Portraitbild von Prof. Dr. Friedrich Heinemann sitzend auf einem hellblauen Sofa

In the second round of the French parliamentary elections yesterday, the leftist New Popular Front (NFP) alliance emerged as the strongest force, Emmanuel Macron’s liberal government alliance came in second, and the far-right National Rally (RN) came in third.

Friedrich Heinemann, head of the ZEW Research Unit “Corporate Taxation and Public Finance” and professor at Heidelberg University, has commented on this matter:

“The outcome of the French election has damaged the euro’s reputation, despite damage control in the second-round ballot. Europe is heading towards very serious conflicts and decisions on fiscal policy with uncertain outcomes.

Although there is relief that a government majority of the xenophobic and nationalist RN was prevented, the parliamentary seats have shifted to the extremes of the political spectrum. For now, this polarised parliament still faces a reform-oriented and pro-European president, whose options are now significantly limited.

This election result in the second largest Member State will further limit the EU’s problem-solving capacity. The NFP, which now claims the right to govern, stands for a reversal of Macron’s reform course. It wants to further increase the already high French minimum wage, cap the price of essential goods and energy, scrap Macron’s pension and labour market reforms, and raise taxes on companies and the wealthy. The NFP is critical of the central integration project of a market-oriented internal market and pursues a decidedly protectionist course at Europe’s borders, rejecting the principles of free trade. It not only opposes new free trade agreements but also wants to end existing ones.

The result will have very tangible consequences for the next EU financial framework. An ambitious expansion of the EU budget now stands little chance, given the Franco-German disagreement on the direction of the integration project.

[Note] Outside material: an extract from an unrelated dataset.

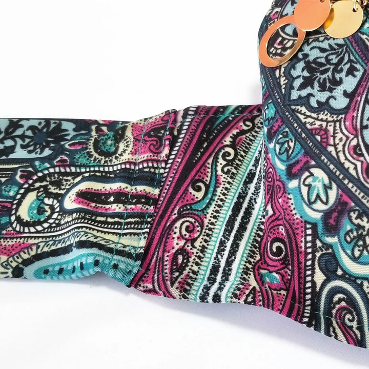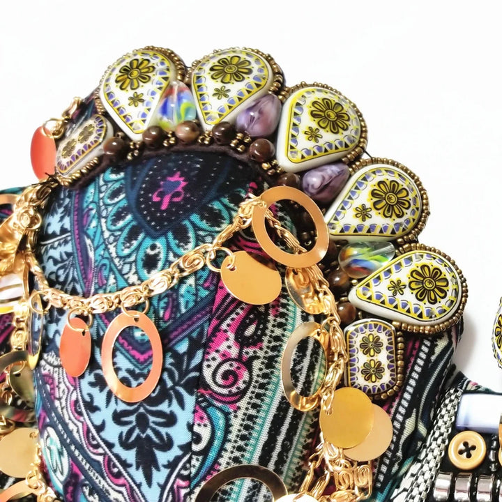 This coins tribal bra is constructed on a decorative pattern base, and features ornate knit panels, coin accents, and metal coins drapes. A beautiful start to any Tribal / ATS or folkloric costume. Bra is built onto lightly padded, shaped, wired bra cups with cotton fabric back and halter straps. Features tie straps back for added support and comfort.
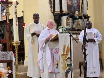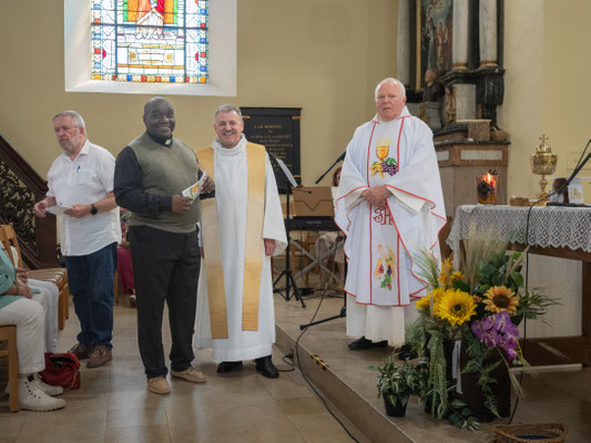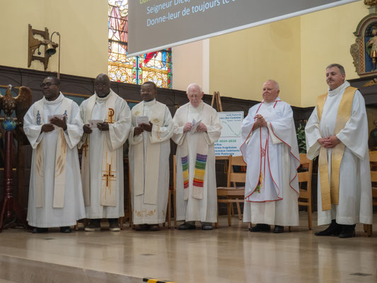 Lors de cette cérémonie, les membres de l'équipe pastorale ont présenté aux fidèles des sept paroisses les objectifs prioritaires qu'ils s'apprêtent à proposer à l'approbation du conseil pastoral lors de l'assemblée du 13 septembre à Halanzy.

New EU debt is also likely to be off the table. Financial solidarity during COVID-19 was justified because the pandemic and its financial consequences were an unforeseen external event. However, the French election result represents a looming departure from France’s previous economic and European policy of fiscal responsibility. The expected further deterioration of French public finances would be clearly self-inflicted. It is hard to imagine that a German government would back the financial policy of a fiscally populist France through higher German EU guarantees without voter backlash.

The European Commission and the ECB now face pressing questions about France’s already critically high deficits: they should be increasing the pressure on Paris to reduce deficits. However, France is considered a clear case of ‘too big to fail’. A French debt crisis would trigger a global financial crisis and could destroy the euro. So even a left-populist fiscal policy in Paris can ultimately hope for tolerance from the Commission and financial backing from the ECB. The Commission and the ECB now have to contend with the accusation that their lax and politicised interpretation of the Stability Pact and interest rate guarantees for high-debt states have encouraged the election of populists at both ends of the spectrum. It would also play into the hands of populists of all stripes if the EU institutions, which have previously allowed a euro-friendly government to violate stability rules, now deny the same to a new democratically legitimised government.”